What does this have to do with evil? I believe that there is something happening in those online comunities that can tell us a lot about human nature. True, some of the actions of internet trolls are annoying, puerile, infantile, and often harmless, so why tar them with the big E word? Some of these people do whatever they do for "lulz", for fun, so where is the damage? There are several examples of nasty behaviour online, ranging from the disgusting case of some trolls emailing and phoning the parents of a teenager that committed suicide, to the outright strange case of Lori Drew. There is something clearly wrong with people who perpetrate such actions, but what I find most interesting is that there seems to be a large element of peer-pressure, community reinforcement, and ad hoc reasoning for the action undertaken by trolls. Most of these actions seems prompted by earning some form of community recognition in the troll underground sites, currency in the shape of "lulz". Trolls seem to get enjoyment from the juvenile act of telling other trolls of their exploits, thus reinforcing each others actions as normal. It is a well-documented phenomenon that peer approval is a very important factor in determining behaviour, and that criminal and "evil" behaviour is usually the result of community feedback. "Everyone else is doing it" quickly turns into "I was just following orders".

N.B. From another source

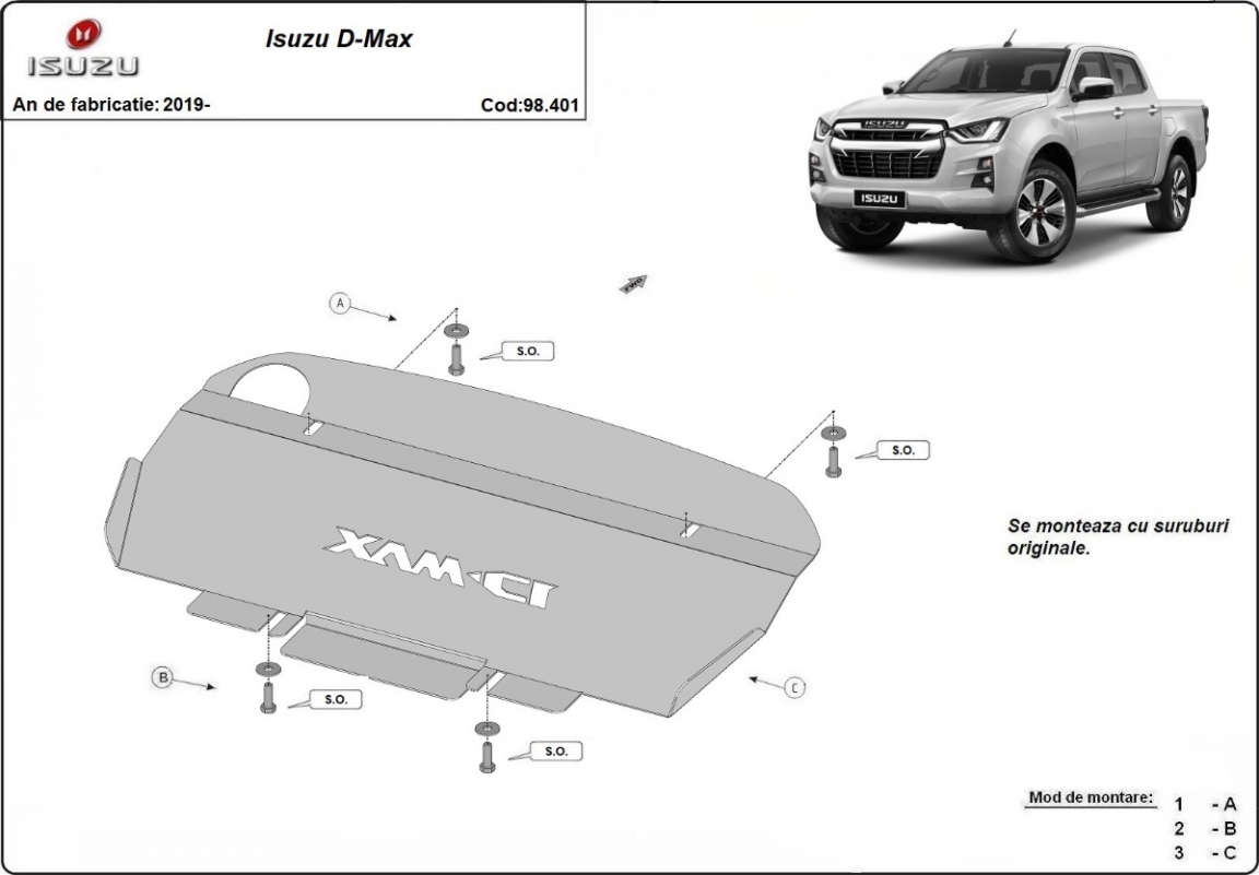 Voor de bescherming van: radiator De motor beschermplaat is nieuw en past perfect bij alle versies van Isuzu D-Max geproduceerd tussen 2019 en 2026. Gemaakt van 3 mm dikke Staalplaat. Schroeven, moeren, alle bevestigingsaccessoires zijn inbegrepen. Alle carterbeschermplaten zijn poedergecoat, om corrosie te vermijden. De buitenkant van de carterbeschermplaten heeft staalversterkingen, waardoor de weerstand tegen impact wordt verhoogd. |

Some of the actions described in the NYT article may seem inoffensive social experiments, such as a blog saying that suicide victim "had it coming". Others range on the downright criminal, such as hacking email services, bank accounts an flooding phone numbers. One of them seems to defend his actions as a way of social service. He does hurtful things, but if people get offended it is not his fault, it is the victim's fault for taking offence in the first place.

Should the law enforce trolling? I am quite shocked that some of these people wilfully describe their actions to the press, when in many instances they could constitute criminal offences. Certainly, some type of trolling seems indistinguishable from hacking. Nevertheless, as long as the internet remains largely anonymous, the homo orcus will continue to inhabit the dark spaces under the information superhighway.